XVI INQUA Congress

Paper No. 9
Presentation Time: 1:30 PM-4:30 PM

PINUS SYLVESTRIS (L.) STOMATAL CONCENTRATIONS AND ASSOCIATED POLLEN FREQUENCIES: DETERMINATION OF LOCAL SPECIES PRESENCE


FROYD, Cynthia A., Department of Geography, Univ. of Wales Swansea, Swansea, SA2 8PP, United Kingdom, c.froyd@swan.ac.uk

The abundant production of wind-dispersed pollen that can be transported over long distances by Pinus sylvestris means that the species may be considerably over-represented in the palaeoecological record. Accordingly, a minimum pollen frequency threshold of 20% has been commonly adopted by palynologists for the determination of the local presence of Pinus sylvestris at a site. Recent findings during routine palynological analyses of pine stomata, indicative of local species presence, within lake sediments containing associated pollen frequencies of less than 5% has brought the validity of the standard 20% threshold into question.

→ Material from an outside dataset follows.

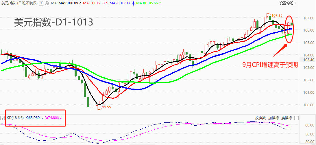 ATFX汇市:周四,美国劳工部公布9月CPI年率增速,最新值3.7%,与前值持平,高于预期值3.6%。名义CPI增速没能如预期一般下降,意味着美联储仍有充足理由在四季度加息。美元指数受到明显提振,昨日涨幅0.79%,最高触及106.61点,K线组合形成经典的“一阳吞三阴”结构,表明短线涨势强烈。不过,9月核心CPI年率增速从4.3%降低至4.1%,意味着导致名义CPI增速升高的影响因素是能源和食品价格。对于美联储来说,核心CPI的指导意义更强,不排除票委们根据核心CPI数据表现得出“通胀下行,停止加息”的结论。

Stomatal and pollen analyses are presented from four Holocene lake sedimentary sequences in the Scottish Highlands. Detailed stomatal counts reveal the presence of pine stomata within sediments with associated pine pollen frequencies as low as 0.4%. These results support the assertion that Pinus sylvestris may be locally present at a site when pollen frequencies are in very low abundance and that the commonly adopted minimum pollen frequency threshold of 20% is too high. Minimum pine pollen frequencies within sediments containing stomata at the four analysis sites examined in this study, however, are so low, ranging from 0.4% to 3.8%, that no minimum pollen frequency threshold indicative of the local presence of Pinus sylvestris may be proposed.

Pine stomata were found to precede the initial Holocene increase of Pinus sylvestris pollen at two of the sites examined, Loch an Amair in Glen Affric and Dubh-Lochan in the Great Glen region. Stomatal analyses reveal the local presence of pine at these sites approximately 1600 and 600 years, respectively, prior to the species arrival times that would be determined from the palynological evidence. These results reveal that Pinus sylvestris may be locally present at a site for hundreds or even thousands of years in low abundance before expansion of the population, and that the time lag between initial species arrival and population expansion appears to be variable amongst sites. These findings have major implications for the determination of the initial Holocene spread of pine throughout the British Isles and for some of the inferences about pine population dynamics in the Scottish Highlands that have been drawn from the palynological evidence.